TASK MATERIAL:
◆ ◆ ◆
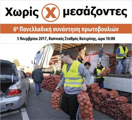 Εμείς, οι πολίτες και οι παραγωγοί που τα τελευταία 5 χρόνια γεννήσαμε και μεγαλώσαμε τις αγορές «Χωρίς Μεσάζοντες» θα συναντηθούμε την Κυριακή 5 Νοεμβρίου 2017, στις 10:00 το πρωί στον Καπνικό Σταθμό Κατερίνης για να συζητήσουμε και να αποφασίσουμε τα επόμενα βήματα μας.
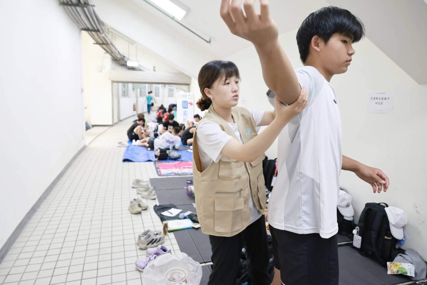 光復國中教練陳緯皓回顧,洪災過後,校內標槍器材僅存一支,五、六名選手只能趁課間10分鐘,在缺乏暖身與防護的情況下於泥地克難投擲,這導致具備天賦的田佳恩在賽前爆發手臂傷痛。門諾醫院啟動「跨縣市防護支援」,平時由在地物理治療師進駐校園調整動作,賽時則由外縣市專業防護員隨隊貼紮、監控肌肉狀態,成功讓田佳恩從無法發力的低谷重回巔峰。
◆ ◆ ◆
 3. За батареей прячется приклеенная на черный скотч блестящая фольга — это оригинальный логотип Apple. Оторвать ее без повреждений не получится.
◆ ◆ ◆
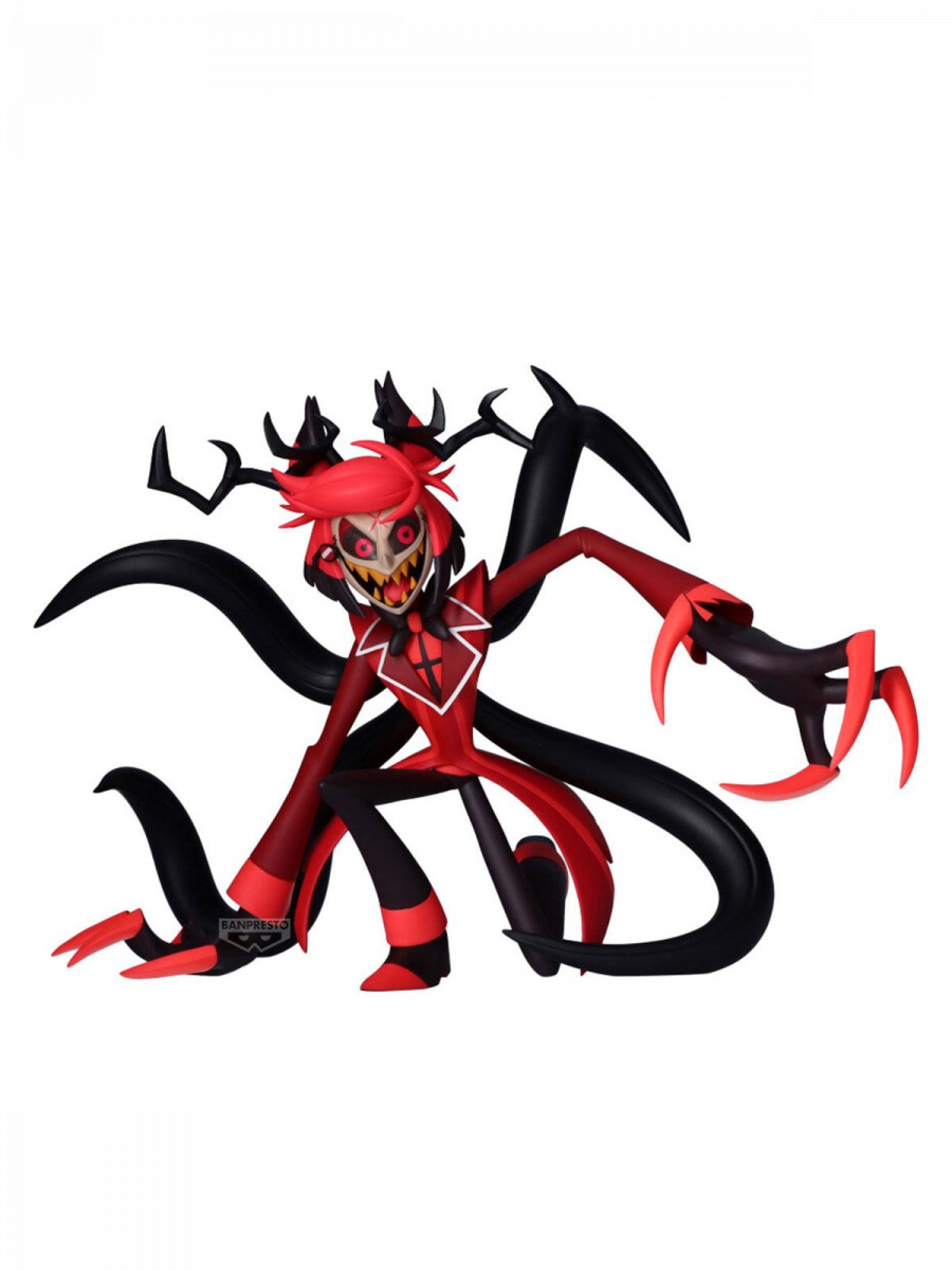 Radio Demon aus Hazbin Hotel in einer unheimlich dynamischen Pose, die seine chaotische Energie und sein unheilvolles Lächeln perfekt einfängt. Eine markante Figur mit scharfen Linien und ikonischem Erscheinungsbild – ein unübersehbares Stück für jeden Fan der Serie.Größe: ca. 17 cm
◆ ◆ ◆
Without the pictures, set down the lines above from the line with "Εμείς, οι πολίτες" up to and including the line with "光復國中教練陳緯皓回顧,洪災" exactly as they stand.

COMPLETED EXERCISE:
 Εμείς, οι πολίτες και οι παραγωγοί που τα τελευταία 5 χρόνια γεννήσαμε και μεγαλώσαμε τις αγορές «Χωρίς Μεσάζοντες» θα συναντηθούμε την Κυριακή 5 Νοεμβρίου 2017, στις 10:00 το πρωί στον Καπνικό Σταθμό Κατερίνης για να συζητήσουμε και να αποφασίσουμε τα επόμενα βήματα μας.
 光復國中教練陳緯皓回顧,洪災過後,校內標槍器材僅存一支,五、六名選手只能趁課間10分鐘,在缺乏暖身與防護的情況下於泥地克難投擲,這導致具備天賦的田佳恩在賽前爆發手臂傷痛。門諾醫院啟動「跨縣市防護支援」,平時由在地物理治療師進駐校園調整動作,賽時則由外縣市專業防護員隨隊貼紮、監控肌肉狀態,成功讓田佳恩從無法發力的低谷重回巔峰。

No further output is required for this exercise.